Block Storage Processing Example

The example below uses an in-memory repository to store block chain data. The in-memory repository is really only for demo and testing purposes. There are several Nethereum adapters for different storage implementations but the setup is common.

Nethereum Block Storage Adapters (nugets) * Nethereum.BlockchainStore.AzureTables * Nethereum.BlockchainStore.Csv * Nethereum.BlockchainStore.EF.Sqlite * Nethereum.BlockchainStore.EFCore.Sqlite * Nethereum.BlockchainStore.EF.SqlServer * Nethereum.BlockchainStore.EFCore.SqlServer * Nethereum.BlockchainStore.CosmosCore * Nethereum.BlockchainStore.MongoDb * Nethereum.BlockchainStore.EF.Hana

using Nethereum.BlockchainProcessing.BlockStorage.Repositories;
using Nethereum.RPC.Eth.DTOs;
using System.Numerics;
using System.Threading;
using System.Threading.Tasks;
using Xunit;
using Xunit.Abstractions;
[Fact]
public async Task BlockStorageWithoutCriteria()
{
  var web3 = new Web3.Web3("https://rinkeby.infura.io/v3/7238211010344719ad14a89db874158c");

  //create an in-memory context and repository factory 
  var context = new InMemoryBlockchainStorageRepositoryContext();
  var repoFactory = new InMemoryBlockchainStoreRepositoryFactory(context);

  //create our processor
  var processor = web3.Processing.Blocks.CreateBlockStorageProcessor(repoFactory);

  //if we need to stop the processor mid execution - call cancel on the token
  var cancellationToken = new CancellationToken();

  //crawl the required block range
  await processor.ExecuteAsync(
    toBlockNumber: new BigInteger(2830145),
    cancellationToken: cancellationToken,
    startAtBlockNumberIfNotProcessed: new BigInteger(2830144));

  Assert.Equal(2, context.Blocks.Count);
  Assert.Equal(25, context.Transactions.Count);
  Assert.Equal(5, context.Contracts.Count);
  Assert.Equal(55, context.AddressTransactions.Count);
  Assert.Equal(28, context.TransactionLogs.Count);
}

[Fact]
public async Task BlockStorageWithCriteria()
{
  var web3 = new Web3.Web3("https://rinkeby.infura.io/v3/7238211010344719ad14a89db874158c");

  //create an in-memory context and repository factory 
  var context = new InMemoryBlockchainStorageRepositoryContext();
  var repoFactory = new InMemoryBlockchainStoreRepositoryFactory(context);

  //create our processor - we're only interested in tx from a specific address
  var processor = web3.Processing.Blocks.CreateBlockStorageProcessor(repoFactory, configureSteps: steps => {
    steps.TransactionStep.SetMatchCriteria(t => t.Transaction.IsFrom("0x1cbff6551b8713296b0604705b1a3b76d238ae14"));
  });

  //if we need to stop the processor mid execution - call cancel on the token
  var cancellationToken = new CancellationToken();

  //crawl the required block range
  await processor.ExecuteAsync(
    toBlockNumber: new BigInteger(2830145),
    cancellationToken: cancellationToken,
    startAtBlockNumberIfNotProcessed: new BigInteger(2830144));

  Assert.Equal(2, context.Blocks.Count);
  Assert.Equal(2, context.Transactions.Count);
  Assert.Equal(4, context.TransactionLogs.Count);
}

Block Storage With Azure Storage Tables

Nethereum provides an adaptor for Azure Storage Tables which is really simple to configure and run.

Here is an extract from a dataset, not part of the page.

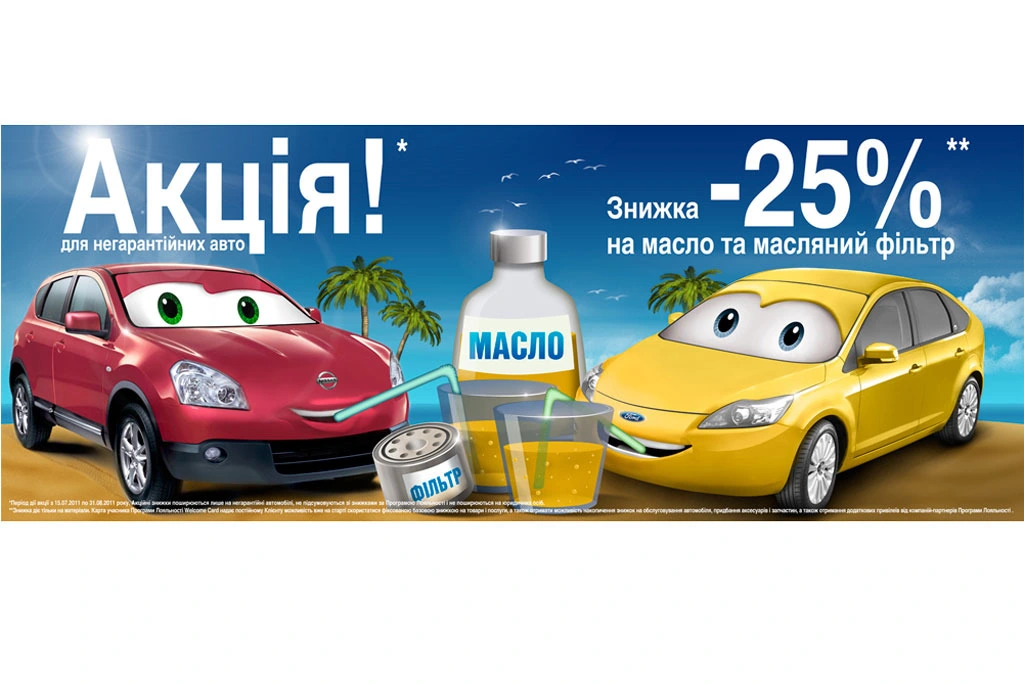 С 15 июля по 31 августа 2011 года в официальных дилерских центрах «ВиДи Санрайз Моторз» и «ВиДи Край Моторз» действует акционное предложение - владельцы негарантийных автомобилей Ниссан и Форд смогут заменить масло и масляный фильтр со скидкой* 25% от стандартной стоимости материалов.

It will create the necessary tables if they don’t exist.

It’s focus is on writing the data to the storage tables rather than the ability to query them. If you want to run queries you can use the WindowsAzure.Storage nuget to help.

Required Nuget Package: Nethereum.BlockchainStore.AzureTables

Required Namespace:

#r using Nethereum.BlockchainStore.AzureTables.Bootstrap;

Create a repository factory - this will create the necessary Azure Storage Tables and provide a repository that writes to them. You’ll need an Azure connection string. The second argument “samples” is a table prefix. You can use the prefix to separate Blockchain data from different sources or for different purposes using the same Azure storage account.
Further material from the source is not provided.